We're tracking these potential enhancements:

- **Memory optimization hooks** — Compress data before it enters agent memory
- **Knowledge base integration** — Optimize retrieved context at the KB layer
- **Tool schema deduplication** — Cache and reference repeated tool definitions
- **Team-level optimization** — Shared context compression across agent teams

Contributions welcome!
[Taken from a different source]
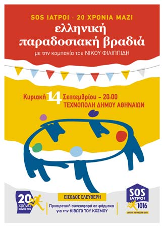 Οι SOS Ιατροί γιορτάζουν τα 20 χρόνια προσφοράς τους (24 ώρες το 24ωρο) στο κοινωνικό σύνολο και σε συνεργασία με την Κιβωτό του Κόσμου στήνουν ένα κεφάτο ελληνικό γλέντι στην Τεχνόπολις του Δήμου Αθηναίων, την Κυριακή 14 Σεπτεμβρίου.

See [CONTRIBUTING.md](https://github.com/chopratejas/headroom/blob/main/CONTRIBUTING.md).

---

## Configuration Reference

### HeadroomAgnoModel

| Parameter | Type | Default | Description |
|-----------|------|---------|-------------|
| `wrapped_model` | Any | Required | The Agno model to wrap |
| `config` | `HeadroomConfig` | `None` | Custom configuration |
| `auto_detect_provider` | `bool` | `True` | Auto-detect provider for token counting |

**Properties:**
- `wrapped_model` - Access the underlying Agno model
- `total_tokens_saved` - Running total of tokens saved
- `metrics_history` - List of last 100 `OptimizationMetrics`

**Methods:**
- `response(messages, **kwargs)` - Sync response with optimization
- `response_stream(messages, **kwargs)` - Sync streaming response
- `aresponse(messages, **kwargs)` - Async response
- `aresponse_stream(messages, **kwargs)` - Async streaming
- `get_savings_summary()` - Returns dict with stats
- `reset()` - Clear all metrics

### HeadroomPreHook

| Parameter | Type | Default | Description |
|-----------|------|---------|-------------|
| `config` | `HeadroomConfig` | `None` | Configuration (for future use) |
| `model` | `str` | `"gpt-4o"` | Model name for estimation |

### HeadroomPostHook

| Parameter | Type | Default | Description |
|-----------|------|---------|-------------|
| `log_level` | `str` | `"INFO"` | Logging level |
| `token_alert_threshold` | `int` | `None` | Alert if tokens exceed this |

**Properties:**
- `total_requests` - Number of requests tracked
- `alerts` - List of alert messages

**Methods:**
- `get_summary()` - Returns dict with request stats
- `reset()` - Clear history and alerts

### create_headroom_hooks()

| Parameter | Type | Default | Description |
|-----------|------|---------|-------------|
| `config` | `HeadroomConfig` | `None` | Config for pre-hook |
| `model` | `str` | `"gpt-4o"` | Model for pre-hook |
| `log_level` | `str` | `"INFO"` | Log level for post-hook |
| `token_alert_threshold` | `int` | `None` | Alert threshold for post-hook |

Returns: `tuple[HeadroomPreHook, HeadroomPostHook]`

---

## Import Reference

```python
# Main integration
from headroom.integrations.agno import HeadroomAgnoModel

# Hooks
from headroom.integrations.agno import HeadroomPreHook
from headroom.integrations.agno import HeadroomPostHook
from headroom.integrations.agno import create_headroom_hooks

# Utilities
from headroom.integrations.agno import optimize_messages
from headroom.integrations.agno import agno_available
from headroom.integrations.agno import get_headroom_provider
from headroom.integrations.agno import get_model_name_from_agno

# Or import everything from parent
from headroom.integrations import (
    HeadroomAgnoModel,
    HeadroomPreHook,
    HeadroomPostHook,
    create_headroom_hooks,
)
```

---

## Troubleshooting

### Check if Agno is Available

```python
from headroom.integrations.agno import agno_available

if agno_available():
    from headroom.integrations.agno import HeadroomAgnoModel
else:
    print("Install agno: pip install agno")
```

### Provider Detection Issues

If auto-detection fails, check the detected provider:

```python
from headroom.integrations.agno import get_headroom_provider, get_model_name_from_agno

model = OpenAIChat(id="gpt-4o")
provider = get_headroom_provider(model)
model_name = get_model_name_from_agno(model)

print(f"Detected provider: {type(provider).__name__}")
print(f"Model name: {model_name}")
```

### Metrics Not Updating

Ensure you're checking the correct object:

```python
# Model metrics (optimization)
print(model.total_tokens_saved)  # Actual savings

# Hook metrics (observability)
print(post_hook.get_summary())  # Request tracking
```

Note: Hooks track request counts, not token savings. Use the model wrapper for optimization metrics.